EUA confirmam ataque militar à Venezuela e anunciam captura de Nicolás Maduro
O presidente dos Estados Unidos, Donald Trump, confirmou na manhã deste sábado (3) que as forças armadas americanas realizaram um ataque militar em grande escala contra a Venezuela e que o presidente venezuelano Nicolás Maduro foi capturado e levado para fora do país. A informação foi divulgada pelo próprio Trump em sua plataforma Truth Social e em entrevista à imprensa.
Segundo o presidente dos EUA, Maduro e sua esposa, Cilia Flores, foram presos por tropas especiais norte-americanas e transportados por via aérea para fora do território venezuelano em uma operação conjunta com a polícia dos Estados Unidos. Trump classificou a ação como “bem-sucedida” e elogiou o planejamento e o trabalho dos militares e forças de elite envolvidos.
Uma coletiva de imprensa está marcada para 13h (horário de Brasília) em Mar-a-Lago, na Flórida, para detalhar a operação, embora até o momento não tenha sido divulgado o destino de Maduro nem a base legal da intervenção.
Explosões em Caracas e reação venezuelana
O anúncio foi feito após relatos de fortes explosões e movimentos de aeronaves sobre Caracas e outras regiões da Venezuela na madrugada deste sábado. Moradores relataram tremores, barulhos de aeronaves e saídas às ruas, enquanto partes da capital enfrentaram apagões e sinais de pânico entre a população.

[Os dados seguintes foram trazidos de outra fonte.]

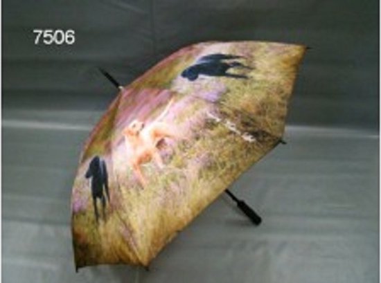Houd jezelf droog tijdens regenachtige dagen met deze vrolijke paraplu, volledig bedrukt met rondom foto’s van een blonde en een zwarte Labrador.
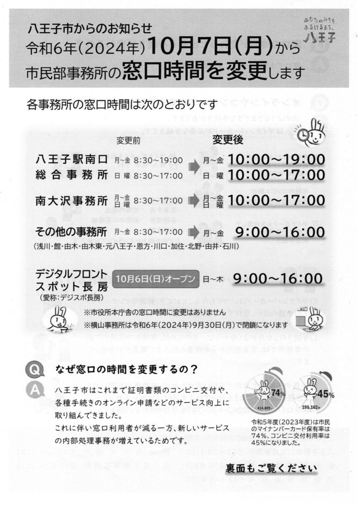 10/7~ 窓口時間変更のお知らせ(八王子市市民部) 2024 9/15 お知らせ 回覧 2024年9月15日 お知らせ 回覧 よかったらシェアしてね! URLをコピーしました! URLをコピーしました! 令和6年 南大沢八幡神社 夏まつり(例大祭) 高齢者あんしん相談センターからのお知らせ(八王子市福祉部) 関連記事 4/18(土)19:00~ 定期総会開催のお知らせ(南大沢町会) 2026年4月12日 七頭舞を踊る会 会員募集のお知らせ(七頭舞を踊る会) 2026年4月12日 【注意喚起!!】侵入盗(空き巣)事件が発生しています(南大沢町会) 2026年4月5日 民生委員・児童委員が訪問調査を実施します(八王子市) 2026年4月5日 [報告]柚子の実会×おひさま広場コラボイベント『じいじばあばと昔あそび』を開催(南大沢町会) 2026年4月3日 3/28(土) 10:00~16:00 [観覧歓迎]銭湯絵師・中島盛夫さんと一緒に富士山を描こう!(joynみなみおおさわ、学生団体Bloomy)※実施レポート追記(4/3) 2026年3月27日 三井アウトレットパーク南大沢B街区建替え工事予定のお知らせ(三井不動産株式会社) 2026年3月26日 [町会員情報]令和8年度 会館利用スケジュールを掲載しました。(南大沢町会) 2026年3月26日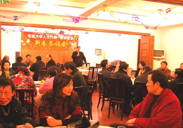 下图为南通大学人大代表、政协委员新春茶话会现场。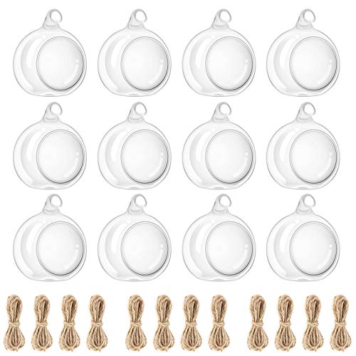 Hängande värmeljushållare i glas, 12 st 6 cm diameter glasglober terrarier glasljushållare för suckulent trädgårdsarbete eller bröllopsdekorationer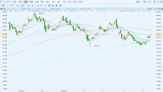 吉利汽车(00175.HK)今日涨3.74%,报23.55港元,最新总市值为2114亿港元。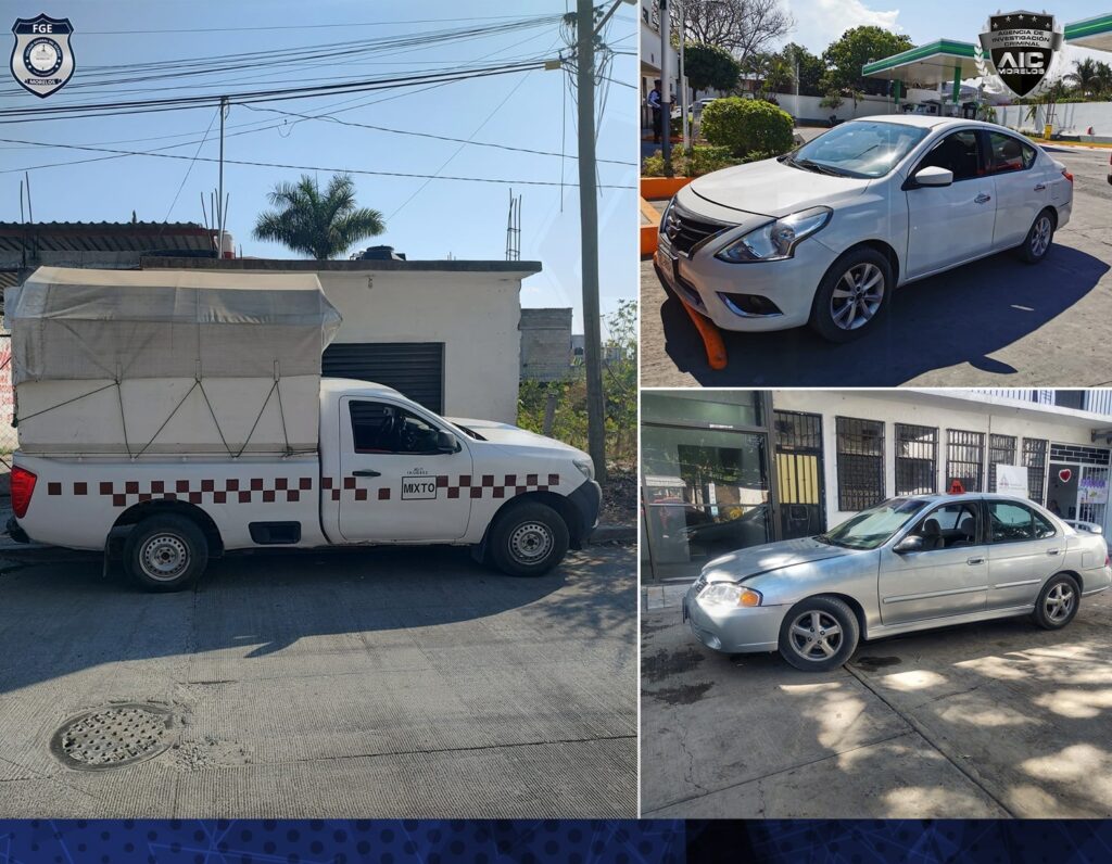 Agentes de Investigación Criminal (AIC) adscritos a la Fiscalía Regional Sur Poniente recuperaron tres vehículos de procedencia ilícita, en los municipios de Zacatepec y Jojutla.

O governo venezuelano, por meio de nota oficial, classificou o ataque como uma “agressão militar gravíssima” e convocou todas as forças sociais e políticas do país a se mobilizarem contra a intervenção estrangeira. As autoridades de Caracas também exigiram prova de vida imediata para Maduro e sua esposa, afirmando que ainda não há confirmação independente sobre seu paradeiro.
Repercussão internacional
Líderes regionais também expressaram preocupação com as implicações do ataque, em meio ao temor de instabilidade política, crise humanitária e possíveis fluxos migratórios nas fronteiras da América Latina.
Contexto da crise
Nos últimos meses, os Estados Unidos vinham aumentando a pressão militar e diplomática sobre Caracas, incluindo o posicionamento de navios de guerra no Caribe e ações contra embarcações suspeitas de tráfico de drogas. Trump e autoridades americanas vinham acusando o governo Maduro de chefiar um “narco-estado” e fraudar eleições, acusações negadas por Caracas.
A intervenção representa a ação militar mais direta dos EUA na região desde a invasão do Panamá em 1989, e marca uma escalada significativa nas tensões entre os dois países.